# Musical Tattoos



## lyric girl (Sep 4, 2008)

Ok, I have posted this thread on other forums and been very surprised by the responses. At any rate, I am now musically tattooed. I have a guitar, some REM lyrics and a few music notes on my left upper arm. The tattoo is only 4 days old and is now peeling, so I can't post any pics yet.

Was wondering who else had musical tats and if so, what the inspiration was?

By the way, I had this one guy tell me that women should never get tattooed, etc. It was quite funny.


----------



## Robert1950 (Jan 21, 2006)

Do a search. I seem to remember a thread on Tats sometime last year.


----------



## allthumbs56 (Jul 24, 2006)

lyric girl said:


> I have a guitar, some REM lyrics and a few music notes on my left upper arm.


Ther are some guys here that would have to gain weight to get tattoos of all their guitars :smile:


----------



## kat_ (Jan 11, 2007)

I have a les paul on one shoulder, a classical guitar on the other, and lines of music wrapped around my left leg from the knee down so that from a distance it looks like a tribal but up close you can read the music. Unfortunately it's a bit of a blurry mess with crooked lines and splotchy notes.


----------



## guitarman2 (Aug 25, 2006)

I have a tattoo of a 1952 telecaster and a Dr Z amp on my left upper left arm

http://img152.imageshack.us/my.php?image=img5905as1.jpg


----------



## Milkman (Feb 2, 2006)

I have five tattoos, but so far only one that is of a musical nature.
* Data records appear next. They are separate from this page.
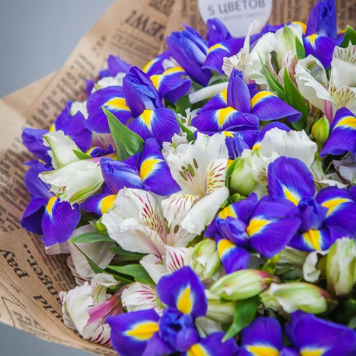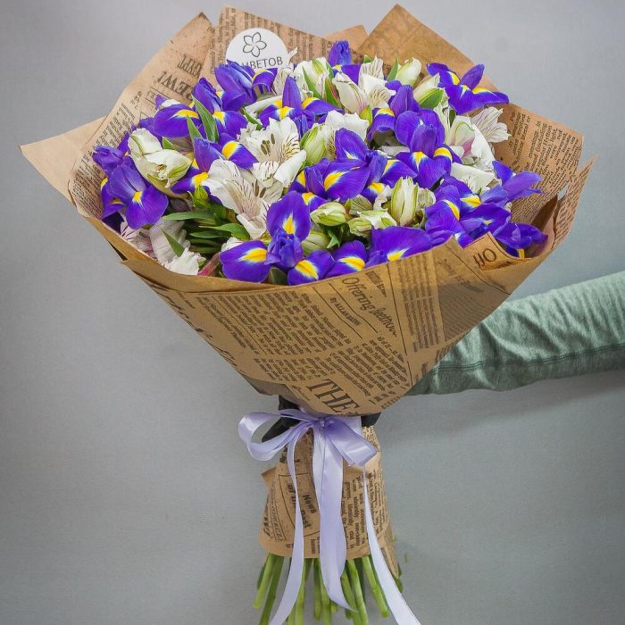 Альстромерия белая – 15 шт.ирисы – 20 шт.Упаковка крафт – 1 шт.Лента атласная – 1 шт.
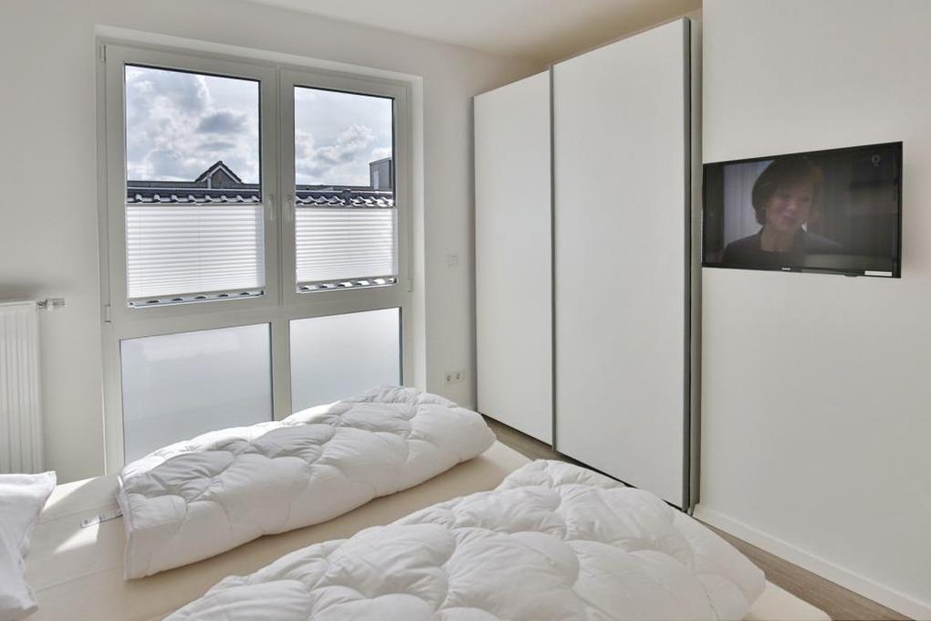 Tolle Ferienwohnung über ca. 68m² bis 4 Pers. im 2.OG mit Personenaufzug. Balkon (süd), 2 Schlafzimmer jeweils mit eigenem TV (1x Doppelbett und 1x 2 Einzelbetten), Wohnzimmer mit vollständiger Küchenzeile (Geschirrspüler, Gefrierfach, Backofen, Mikrowelle), TV, Blue-Ray-DVD, kostenfreies W-LAN, ebenerdige Dusche/WC mit Föhn, Rollladen, reservierter Pkw-Stellplatz #9 am Haus, Nichtraucherwohnung, keine Haustiere gestattet.
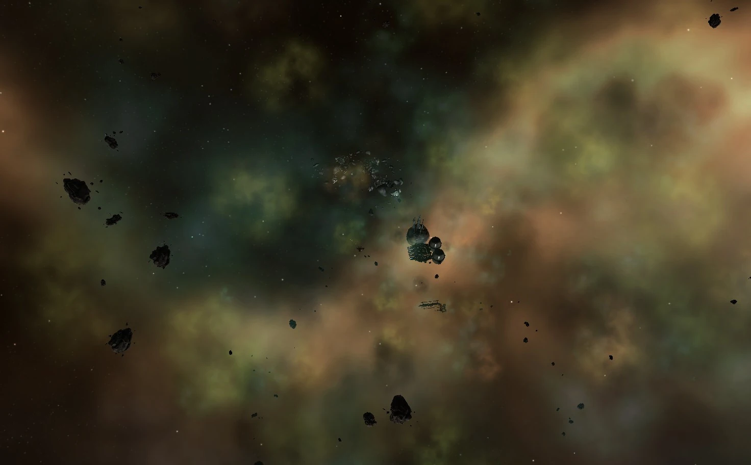 Hier sind auch jede Menge Veldspar Asteroiden vorhanden ( Anzahl > 100, Range 18 - 50km)
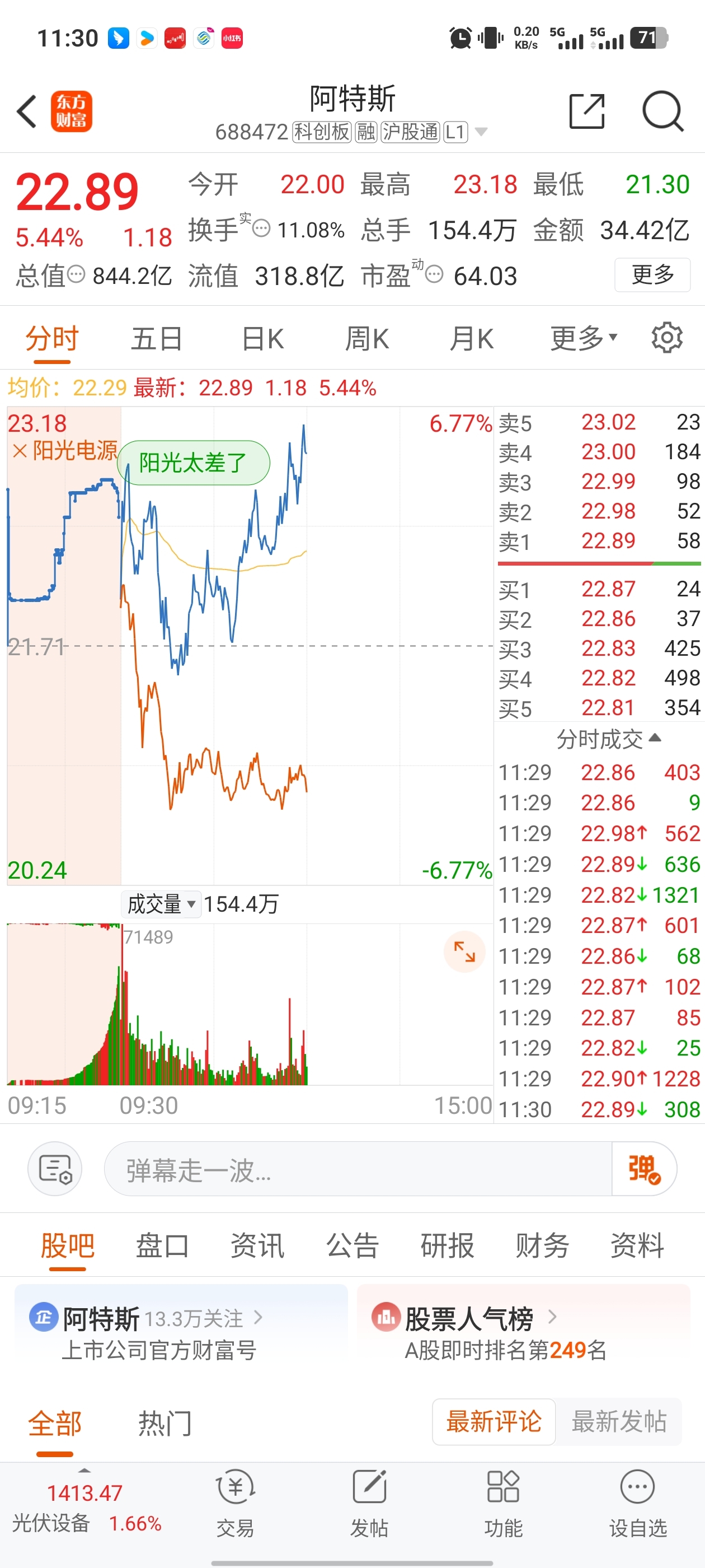 $阿特斯(SH688472)$ 阳光太差了了,一直被拖下来
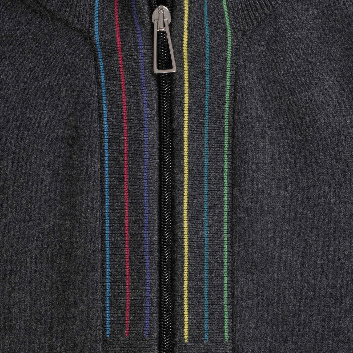 Made from a soft cotton and wool blend, this classic cardigan features the ‘Sports Stripe’ on the funnel neckline and reverse. This zip through cardigan is complete with a pennant shape zip pull and ribbed cuffs and waistband.
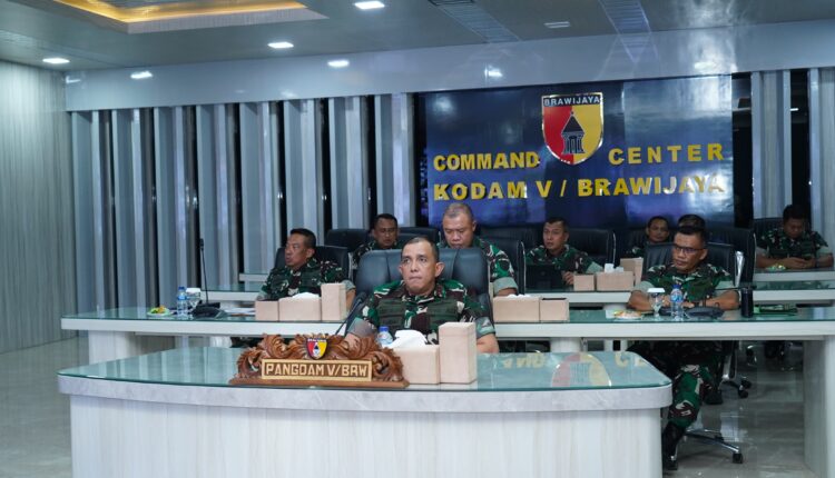 Surabaya, LNM – Pangdam V/Brawijaya, Mayjen TNI Rudy Saladin, M.A, mengikuti video konferensi yang digelar oleh Menkopolkam, Jenderal Pol (Purn) Budi Gunawan pada Rabu (27/11/2024), guna membahas proses pengamanan Pemilukada yang saat ini sedang berlangsung.
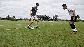 我们还可以将这个动作升级,像梅西一样加一个沉肩的晃动,非常实用。
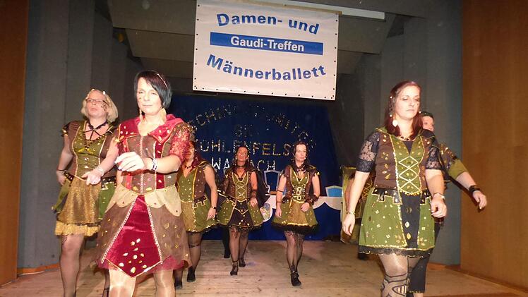 Tolle Kostüme hatten auch die Bayreuther Hexen von der gleichnamigen Faschingsgesellschaft, die frei nach Robin Hood als Heldinnen in Strumpfhosen für eine Riesengaudi sorgten. Die 16 Damen der "Maxi Dancer" aus Kühlenfels begaben sich auf eine Zeitreise durch die jüngere Musikgeschichte und die Happy Dancers von Schwarz Weiß Bayreuth luden nach Mexiko ein.
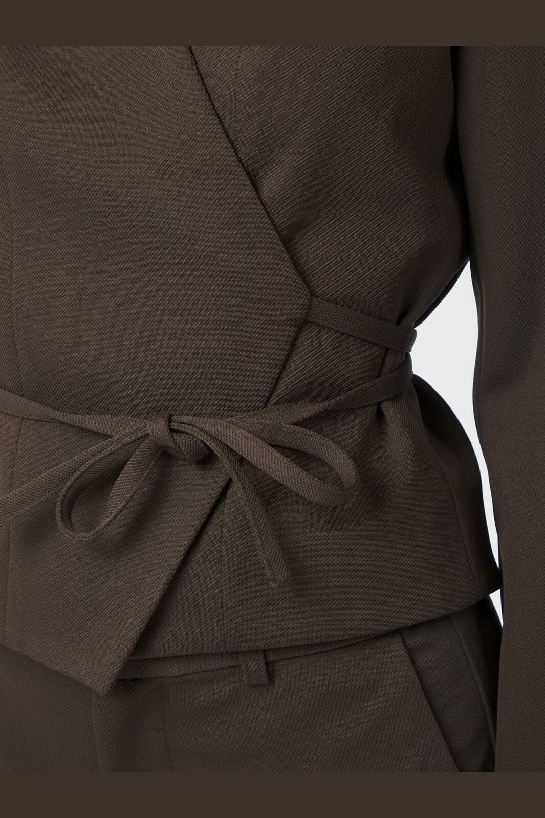 Mørkebrun bluse fra Neo Noir med slå-om-design. Blusen har V-udskæring og lange ærmer. Bindebåndet i taljen giver mulighed for at tilpasse pasformen.
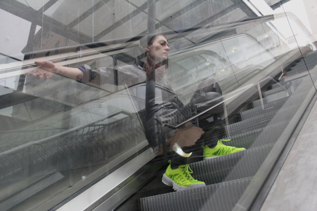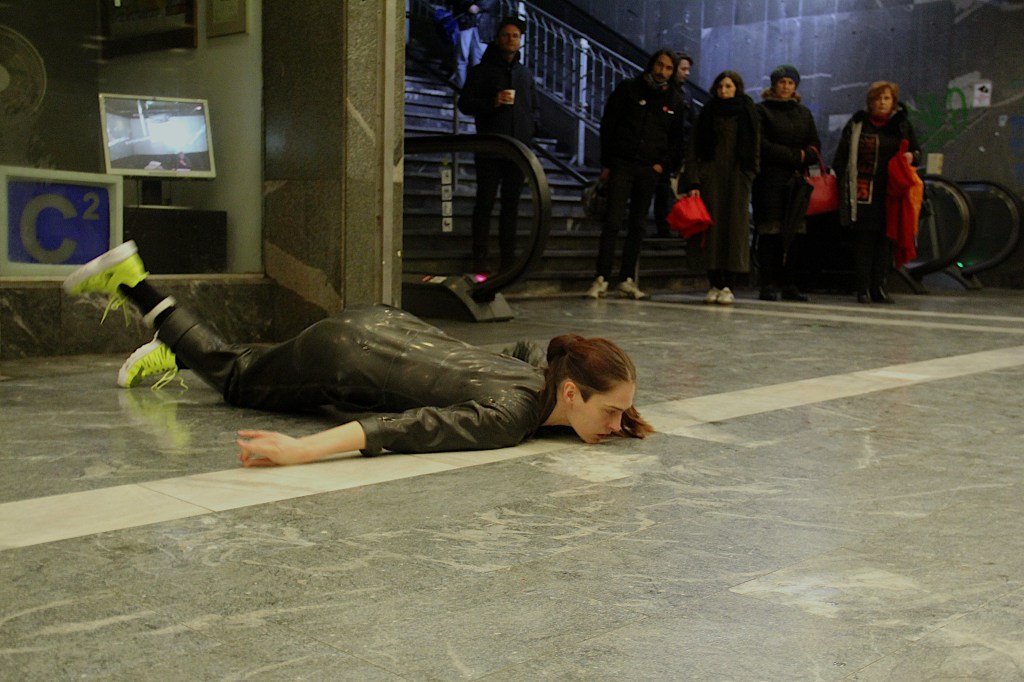 Artist’s performative body enters problematic public space, structures of changes. She aims to build compositions open to transformation.
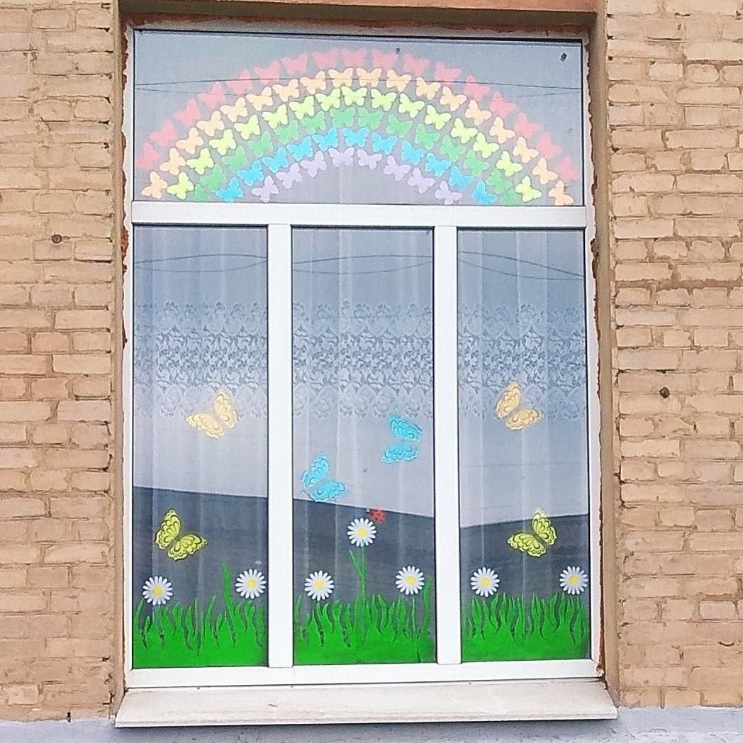Украшение окон в детском саду лето
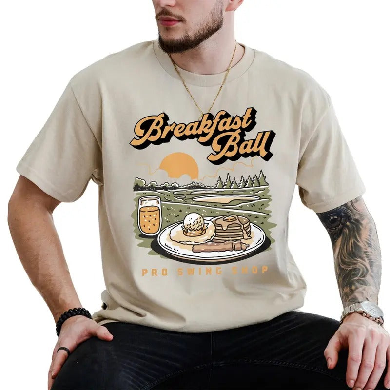 Breakfast Ball T-Shirt, Funny Golf Shirt, Soft Cotton Fabric, Unisex Casual Tee, Golfer Gift, Comfortable Everyday Wear
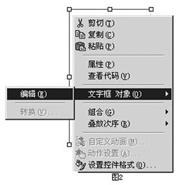 右擊“文字框”,選擇[文字框 對象]→[編輯](如圖4),即可進行文字內容的輸入,或按[Ctrl+V]把剪貼板上的文字拷貝到文字框中。
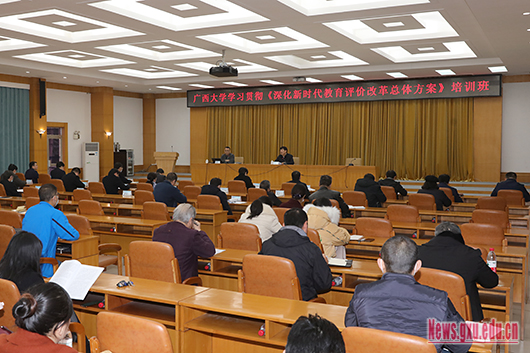 1月6日下午,beat365在君武馆玉林厅举办学习贯彻《深化新时代教育评价改革总体方案》(以下简称《总体方案》)培训班,深入学习贯彻习近平总书记关于教育的重要论述和全国教育大会精神,传达教育部、自治区教育厅学习贯彻《总体方案》培训班精神,明确改革工作重点内容和要求,全面推动改革任务落实落地。校长赵跃宇出席并讲话,校党委副书记、副校长吴尽昭主持开班式。
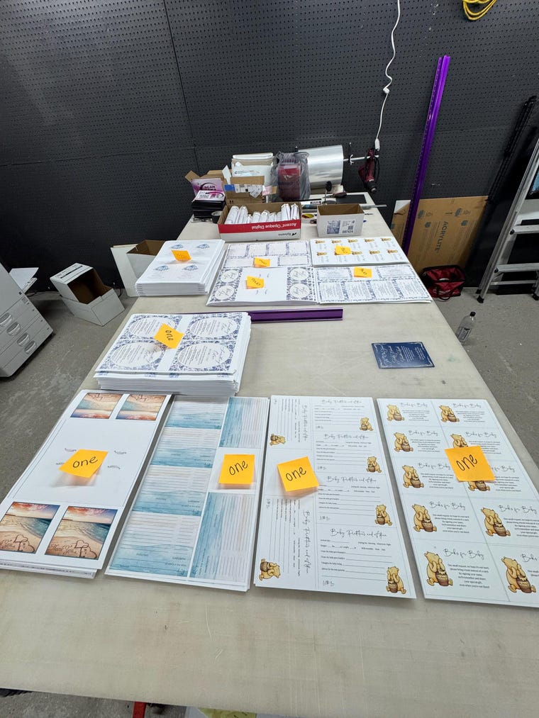 James’ workspace — printing, cutting, and packaging every invitation to perfection.
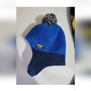 Cozy blue fleece hat with a playful pom. Features L.L.Bean logo. L.L. Bean Toddler Fleece Pom Hat 12-24M Blue Sherpa Trapper Winter Cozy Outdoor

This is when I first got it.


----------



## lyric girl (Sep 4, 2008)

Milkman said:


> I have five tattoos, but so far only one that is of a musical nature.
> 
> This is when I first got it.


Very kewl.


----------



## lyric girl (Sep 4, 2008)

kat_ said:


> I have a les paul on one shoulder, a classical guitar on the other, and lines of music wrapped around my left leg from the knee down so that from a distance it looks like a tribal but up close you can read the music. Unfortunately it's a bit of a blurry mess with crooked lines and splotchy notes.


Can you post pics please?


----------



## Milkman (Feb 2, 2006)

lyric girl said:


> Very kewl.


Thanks. I got it done at Alien Fine Arts in Niagara Falls. I may get another one there next month.


----------



## lyric girl (Sep 4, 2008)

Milkman said:


> Thanks. I got it done at Alien Fine Arts in Niagara Falls. I may get another one there next month.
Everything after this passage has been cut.